Trump has refused to accept his loss to Joe Biden in last November’s presidential election, continuing to claim, falsely, that voter fraud set in motion by a Democratic conspiracy denied him a second term. In the wake of Trump’s accusations, Republican governors and legislatures in several states have enacted restrictions on voting.  

Christie, who ran unsuccessfully against Trump in 2016 and has said he wouldn’t rule out running again in 2024 even if the former president enters the race for the White House, as he has teased, said Republicans must “stop wallowing in the past” and “free ourselves from the quicksand of endless grievances.” 

Citing the struggle against the far-right John Birch Society by Reagan and the conservative editor and author William F. Buckley in the 1960s, Christie, a United States attorney before becoming governor, said the GOP must discredit extremists and conspiracy theories to offer credible alternatives to Democrats and win midterm elections in 2022 and the White House in 2024.

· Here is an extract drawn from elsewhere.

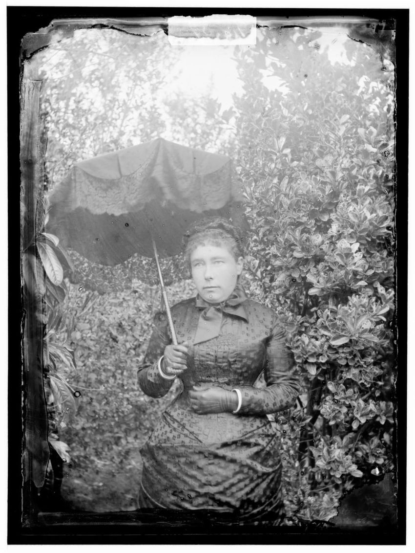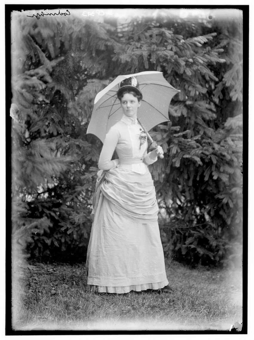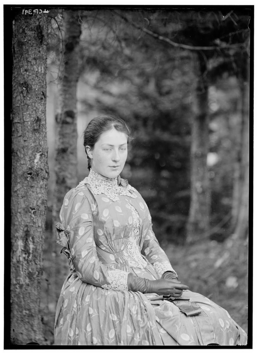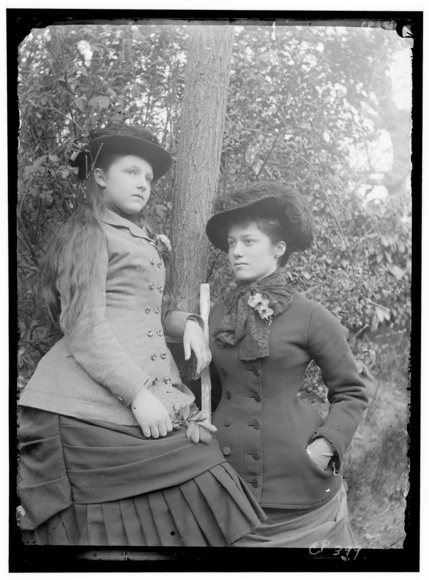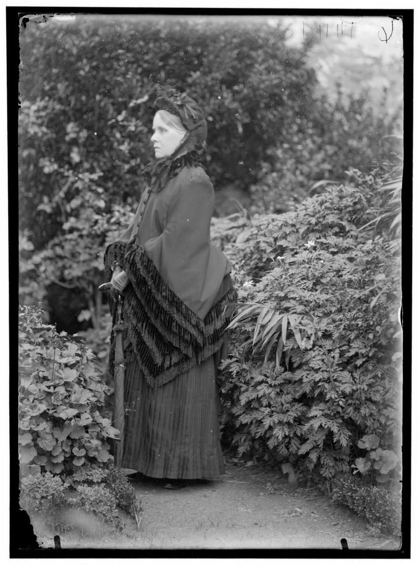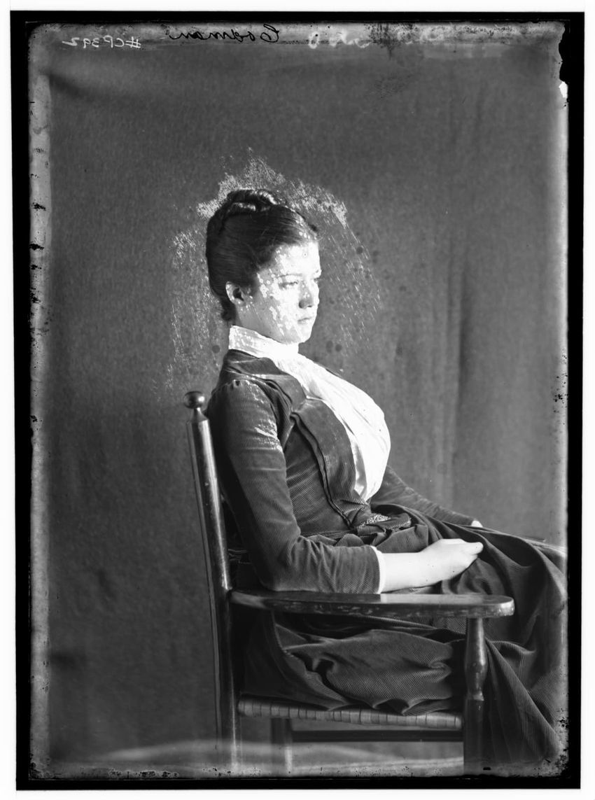 The image is a group portrait featuring two women, a man, and a young girl seated together. The man and women are dressed in dark clothing, and the women are wearing head coverings. The girl, seated in front, wears a dress with striped accents.

“We need to renounce the conspiracy theorists and the truth deniers – the ones who know better, and the ones who are just plain nuts,” Christie said, singling out supporters of QAnon, a collection of groundless allegations that took hold during the Trump years.

The former New Jersey governor also decried what he described as the politics of getting support by saying “a bunch of things that aren’t true” and “bending to the will of any one person rather than advocating ideas for the good of all people” -- a veiled reference to Trump.

“No man, no woman, no matter what office they’ve held or wealth they’ve acquired, are worthy of blind faith or obedience,” Christie said.

Former House Speaker Paul Ryan spoke at the library in May as part of the speaker series and said the GOP needs to avoid culture wars and move beyond Trump. In his address at the library in June, former Vice President Mike Pence defended his acceptance of Electoral College votes cast for Biden on Jan. 6 against Trump’s wishes, saying he was proud to fulfill his duty.